What Happened to Global Warming?
Debra J. Saunders
Tuesday, October 13, 2009
"What happened to global
warming?" read the headline -- on BBC News on Oct. 9, no less. Consider it
a cataclysmic event: Mainstream news organizations have begun reporting on
scientific research that suggests that global warming may not be caused by man
and may not be as dire and eminent as alarmists suggest.
Indeed, as the BBC's climate correspondent
Paul Hudson reported, the warmest year recorded globally "was not in 2008
or 2007, but 1998." It's true, he continued, "For the last 11 years,
we have not observed any increase in global temperatures."
At a London conference later this month,
Hudson reported, solar scientist Piers Corbyn will present evidence that
solar-charged particles have a big impact on global temperatures.
Western Washington University geologist Don
J. Easterbrook presented research last year that suggests that the Pacific
decadal oscillation (PDO) caused warmer temperatures in the 1980s and 1990s.
With Pacific sea surface temperatures cooling, Easterbrook expects 30 years of
global cooling.
EPA analyst Alan Carlin -- an MIT-trained
economist with a degree in physics -- referred to "solar variability"
and Easterbrook's work in a document that warned that politics had prompted the
EPA and other countries to pay "too little attention to the science of
global warming" as partisans ignored the lack of global warming over the
last 10 years. At first, the EPA buried the paper, then it permitted Carlin to
post it on his personal Web site.
In May, Fortune reported on the testimony
of University of Alabama-Huntsville Earth System Science Center Director John
Christy's before the House Ways and Means Committee. Christy is a 2001
Intergovernmental Panel on Climate Change report signatory who believes human
effects have a warming influence, but rejects the disaster scenarios.

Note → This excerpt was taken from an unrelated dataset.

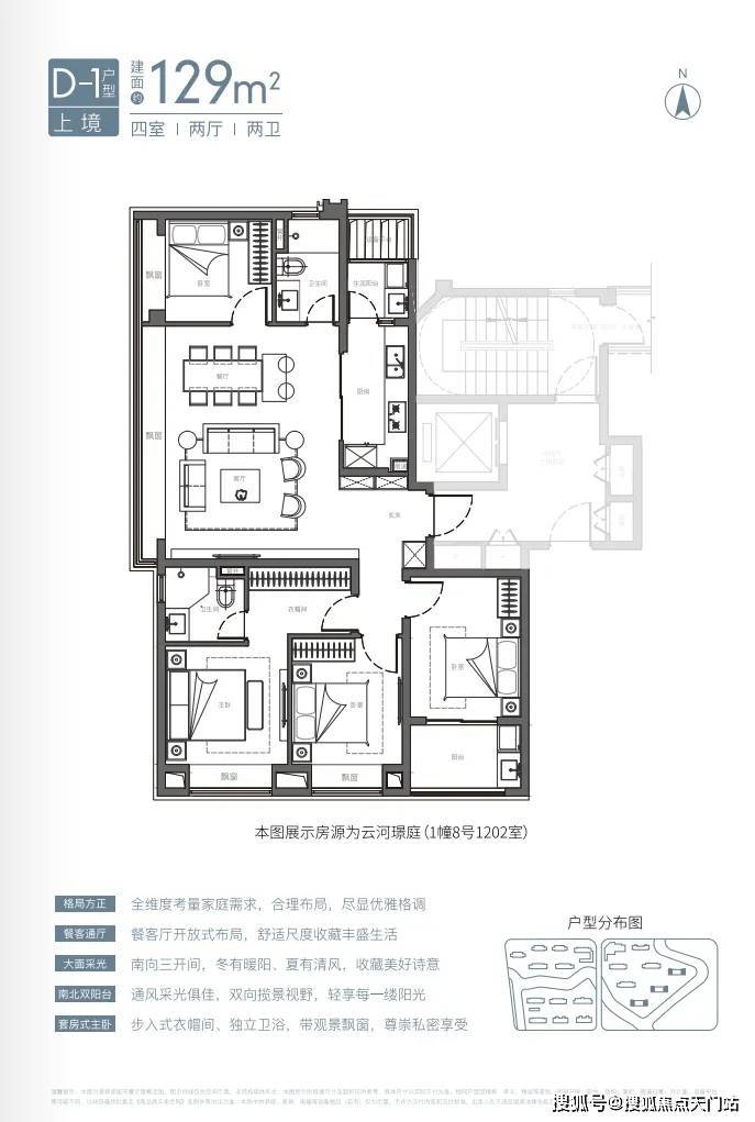 项目129平四房两厅两卫配置,功能齐全,满足终极置业需求 ;三开间朝南,向阳而居,6.1米侧厅布局,枕水而居,尽享滨水花园景观视野;开敞式书房,空间感升级,侧向飘窗,景观渗透更加充分。

As Christy told the committee, climate
models rely on land temperature data that are distorted and exaggerated by
surface development -- that is, asphalt and buildings. In a nice bit of
research, Christy, who is also the Alabama state climatologist, debunked the
temperature-increase predictions made by NASA scientist James Hansen in 1988.
"The real atmosphere," Christy testified, "has many ways to
respond to the changes that the extra CO2 is forcing upon it."
Add Christy, Easterbrook and Corbyn to the
long list of scientists who see climate as a complex issue rather than an opportunity
to sermonize and lecture the general public.
Over the years, global warming alarmists
have sought to stifle debate by arguing that there was no debate. They bullied
dissenters and ex-communicated non-believers from their panels. In the name of science,
disciples made it a virtue to not recognize the existence of scientists such as
MIT's Richard Lindzen and Colorado State University's William Gray.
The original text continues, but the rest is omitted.